Kappa for inter-rater agreement

Tags:

Cohen’s kappa coefficient is a statistical measure of inter-rater agreement or inter-annotator agreement for qualitative (categorical) items. (See http://en.wikipedia.org/wiki/Cohen’s_kappa)

Kappa is computed as:
  \kappa = \dfrac{P(a) - P(e)}{1 - P(e)}

P(a) is observed prob. of agrement and P(e) is prob. of agreement by chance, i.e., P(e) is the chance of agreement assuming the independence of raters. So, the equation is looking at ‘prob. of observed agreement – prob. of chance agreement’ over ‘perfect agreement(P(a)=1) – prob. of chance agreement’. See http://en.wikipedia.org/wiki/Cohen’s_kappa#Example for example.

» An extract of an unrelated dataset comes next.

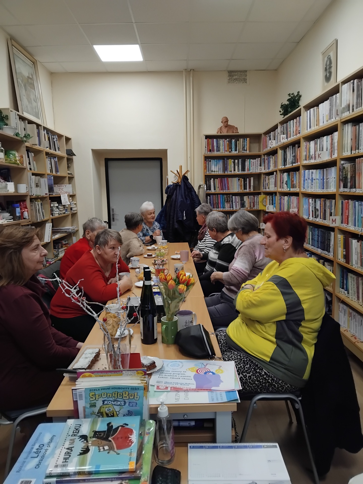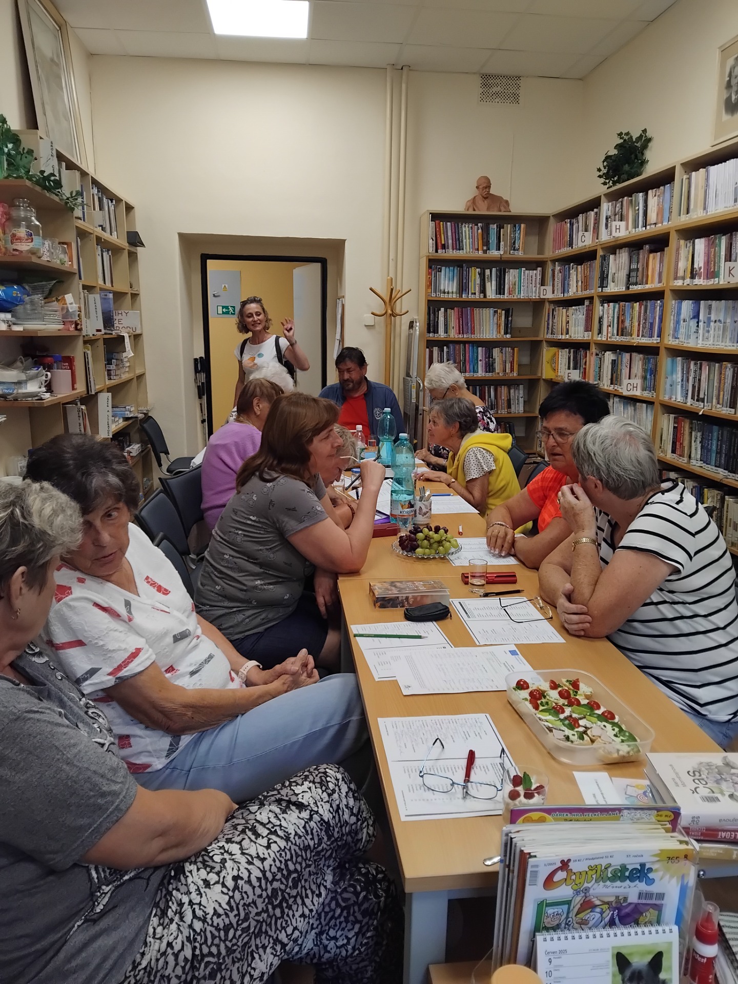 Další komunitní odpolední setkání se konalo ve skuhrovské knihovně 13. 5. Sešlo se na něm sedm účastnic (+ 1 knihovnice), probralo se, co je nového, kam se kdo chystá, a trošku jsme oslavili čerstvého pravnoučka jedné ze zúčastněných dam. Atmosféra byla pohodová a příjemná, jako ostatně pokaždé, těšíme se na příští setkání v úterý 17. června, které bude navazovat na Hrátky s pamětí.

I find fmsb package has readable output though there’s other pakcage like irr (Various Coefficients of Interrater Reliability and Agreement).

> library(fmsb)
> d = matrix(c(10, 1, 1, 10), nrow=2)
> d
     [,1] [,2]
[1,]   10    1
[2,]    1   10
> Kappa.test(d)
$Result

	Estimate Cohen's kappa statistics and test the null hypothesis that
	the extent of agreement is same as random (kappa=0)

data:  d 
Z = 3.8376, p-value = 6.212e-05
95 percent confidence interval:
 0.5779259 1.0584377 
sample estimates:
[1] 0.8181818


$Judgement
[1] "Almost perfect agreement"

Read $Judgement for the answer. In this example, we observed almost perfect agreement with very low p-value.